= Task statement =
Word for word, restate the entries below and exclude every image.

= Given entries =
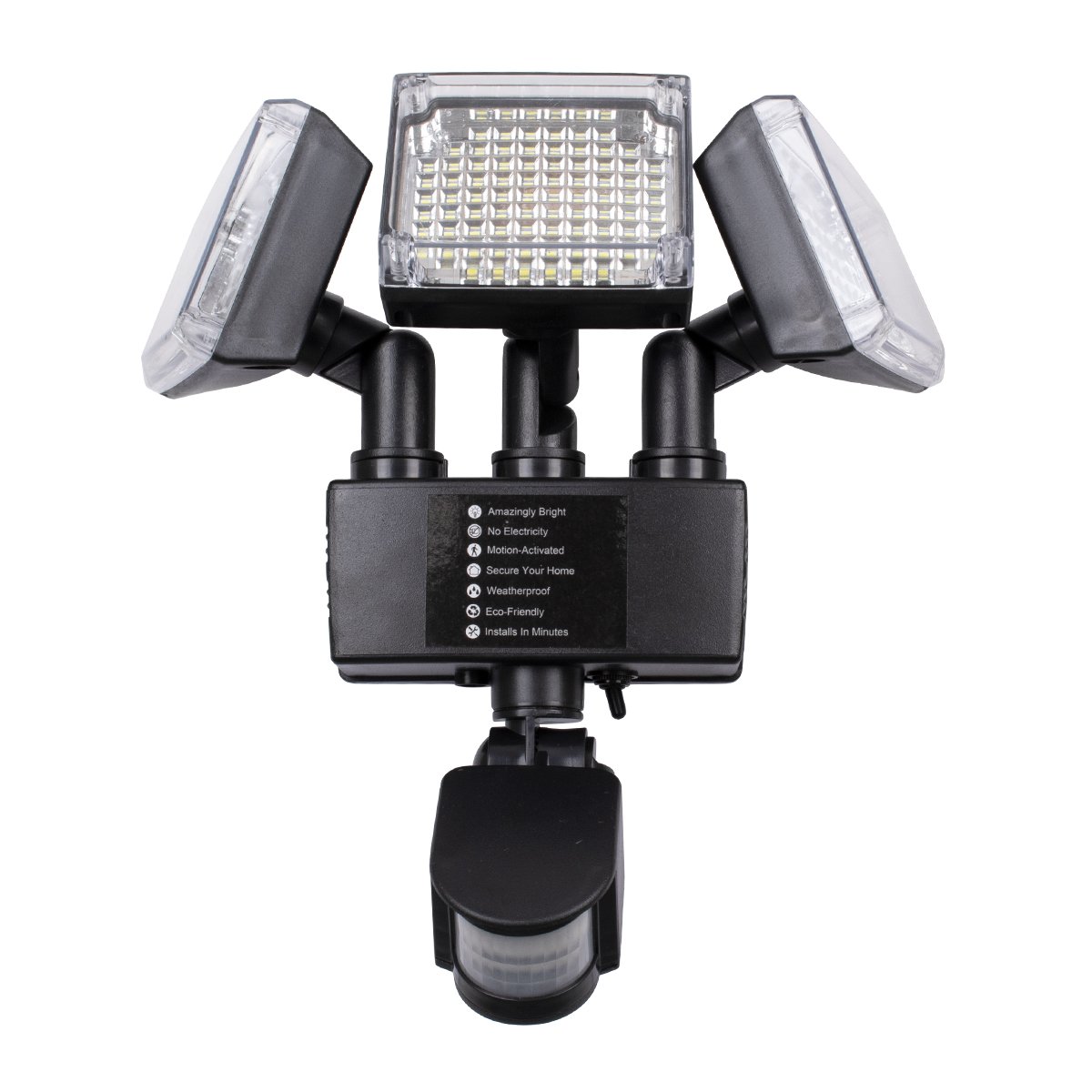 GloboStar® 85711 Αυτόνομος Ηλιακός Προβολέας με Τρεις Περιστρεφόμενες Κεφαλές LED SMD 2835 50W 2500lm με Ενσωματωμένη Μπαταρία 3400mAh – Φωτοβολταϊκό Πάνελ με Αισθητήρα Ημέρας-Νύχτας – PIR Αισθητήρα Κίνησης Αδιάβροχο IP65 Ψυχρό Λευκό 6000K
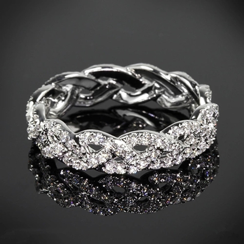 خاتم فاخر للجنسين بثلاثة صفوف من الماس وتطعيمات الزركون، رمز للمكانة الاجتماعية لخواتم الرجال الراقية
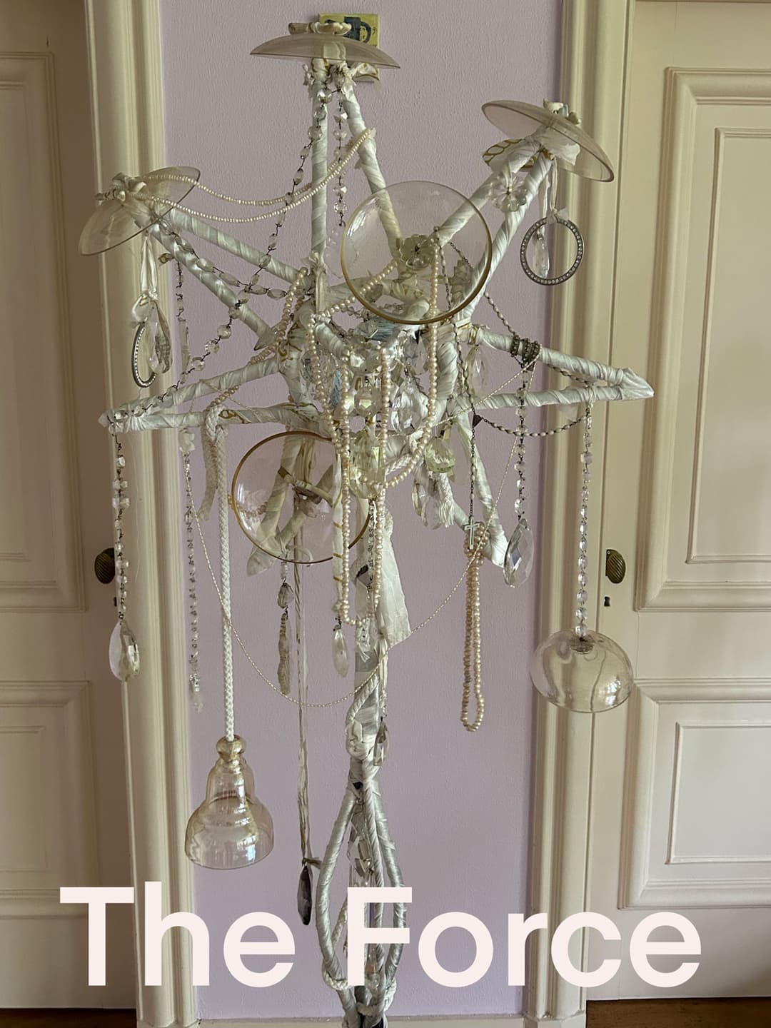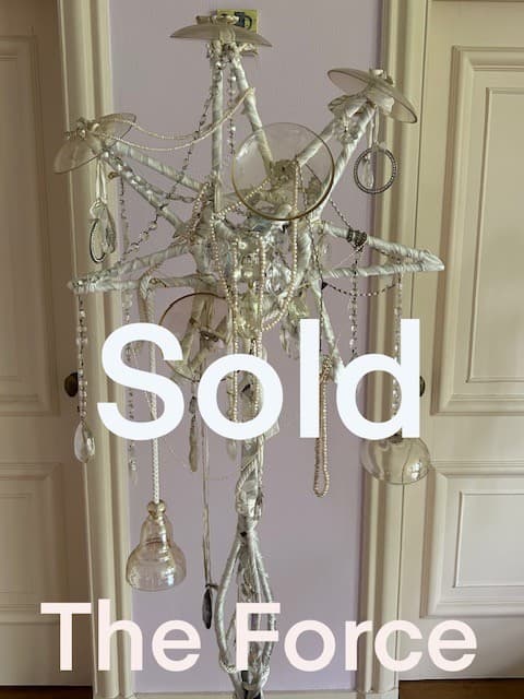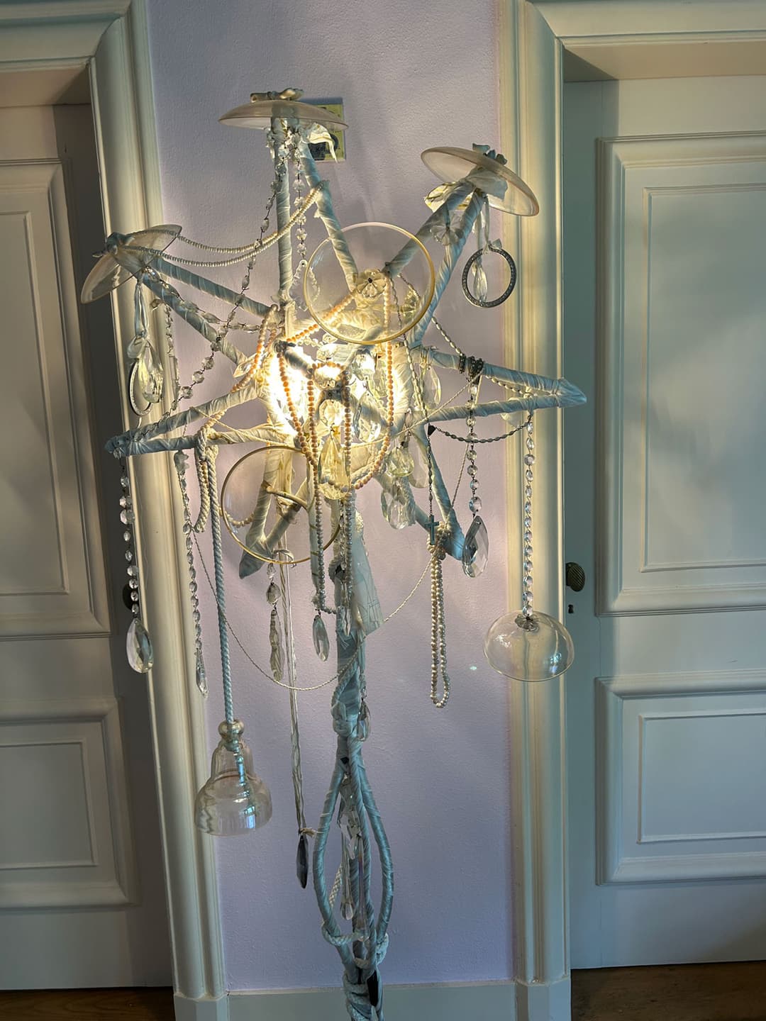 Tripod standing lamp made of welded iron, covered in dyed silk velvet, decorated with collected vintage glass and ceramics.
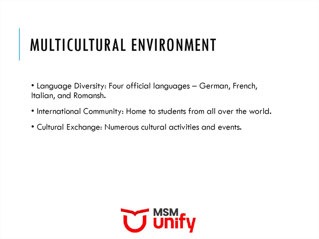 MULTICULTURAL ENVIRONMENT• Language Diversity: Four official languages – German, French,
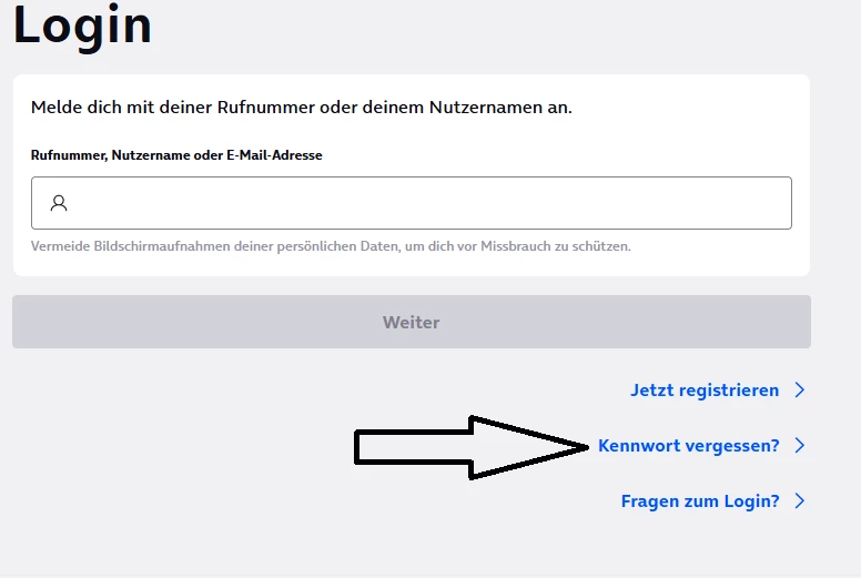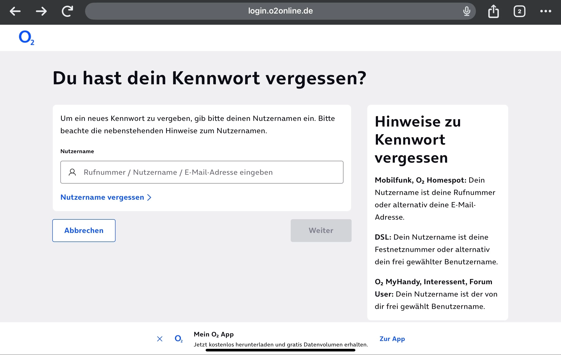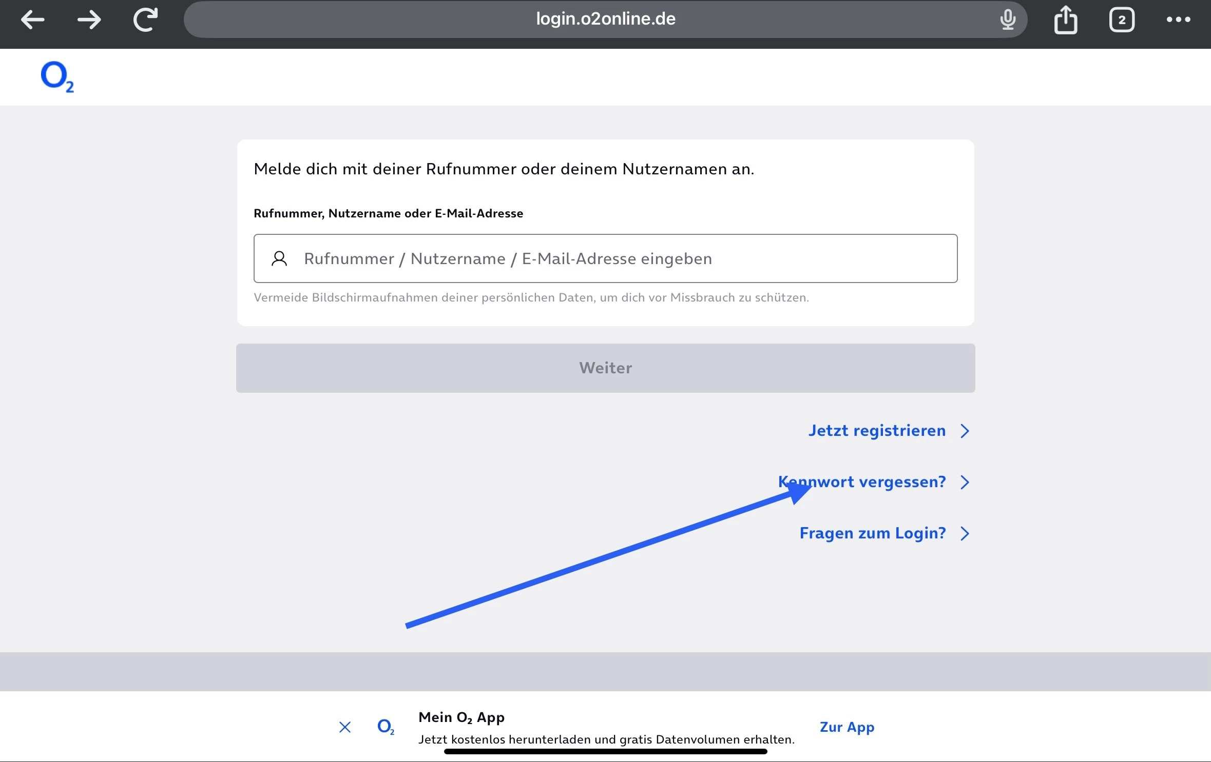 Kennwort vergessen klickst? Der normale Ablauf wäre dann das Kennwort über den Browser neu einzurichten, danach kannst du dich dann in der App mit deiner Rufnummer und deinem neuen Kennwort anmelden.

= Output of the exercise =
 GloboStar® 85711 Αυτόνομος Ηλιακός Προβολέας με Τρεις Περιστρεφόμενες Κεφαλές LED SMD 2835 50W 2500lm με Ενσωματωμένη Μπαταρία 3400mAh – Φωτοβολταϊκό Πάνελ με Αισθητήρα Ημέρας-Νύχτας – PIR Αισθητήρα Κίνησης Αδιάβροχο IP65 Ψυχρό Λευκό 6000K
 خاتم فاخر للجنسين بثلاثة صفوف من الماس وتطعيمات الزركون، رمز للمكانة الاجتماعية لخواتم الرجال الراقية
 Tripod standing lamp made of welded iron, covered in dyed silk velvet, decorated with collected vintage glass and ceramics.
 MULTICULTURAL ENVIRONMENT• Language Diversity: Four official languages – German, French,
 Kennwort vergessen klickst? Der normale Ablauf wäre dann das Kennwort über den Browser neu einzurichten, danach kannst du dich dann in der App mit deiner Rufnummer und deinem neuen Kennwort anmelden.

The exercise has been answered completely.